An article in the Scientific American tells us that this is actually the wrong way of thinking. Over 30 years of scientific research indicates that high IQ, talent, and confidence in your abilities are not necessarily the recipe for success. In fact, putting too much emphasis on these aspects makes people vulnerable to failure and scared of challenges.
As parents, we always praise our children and try our best to build up their self-esteem. ‘You can do it. You are good, even better than the rest.‘ Researchers call this the ‘fixed mind-set’, a way of thinking which emphasizes that the smart ones always excel with minimal effort. This mind-set, however, they claim, is actually counterproductive and can actually prevent young athletes or budding geniuses from living up to their full potential.
What they recommend instead, in a ‘growth mind-set’, a way of thinking that focuses on effort. We have to teach our kids to handle setback and defeat. Poor performance is not due to lack of talent or intelligence but due to complacency and lack of effort. Many smart kids would think ‘I`m so clever I don’t really need to study to get good grades.’ When they fail, they attribute their failure to lack of intelligence and lose faith in themselves.
In a study on junior high students, psychologists report the following findings:
‘Fixed mind-set’ students are more concerned about looking smart and have a low regard for learning.

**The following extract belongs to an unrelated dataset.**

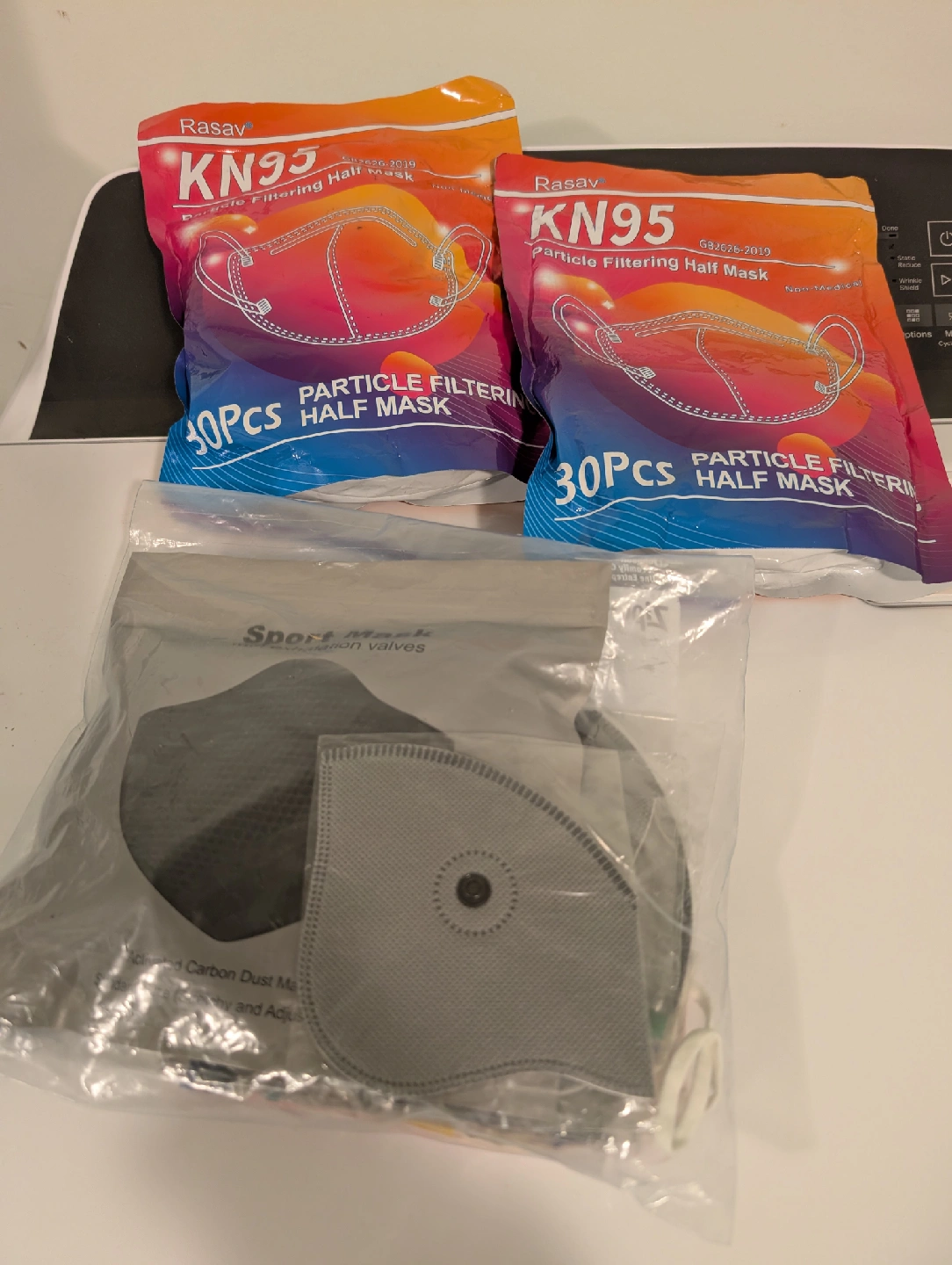 Selling Rasav KN95 particle filtering half masks. Each package contains 30 pieces. Perfect for everyday use!

They have a negative view of effort, and that hard work is only necessary for those with lesser abilities. When faced with failure, they get discouraged and may resort to cheating.
‘Growth mind-set’ students generally feel that learning is more important that getting good grades. They also have a high regard for hard work and face failure as a challenge to find a new strategy to learn.
As take home message, the researchers say that praising our kids is not bad as long as we do it the right way. We should praise them not for their talents but for their effort.
‘Wow, you’re really good‘ should be replaced by ‘Wow, you really worked hard on this.’
Dweck, CS, 28 Nov 2007. The Secret to Raising Smart Kids. Scientific American.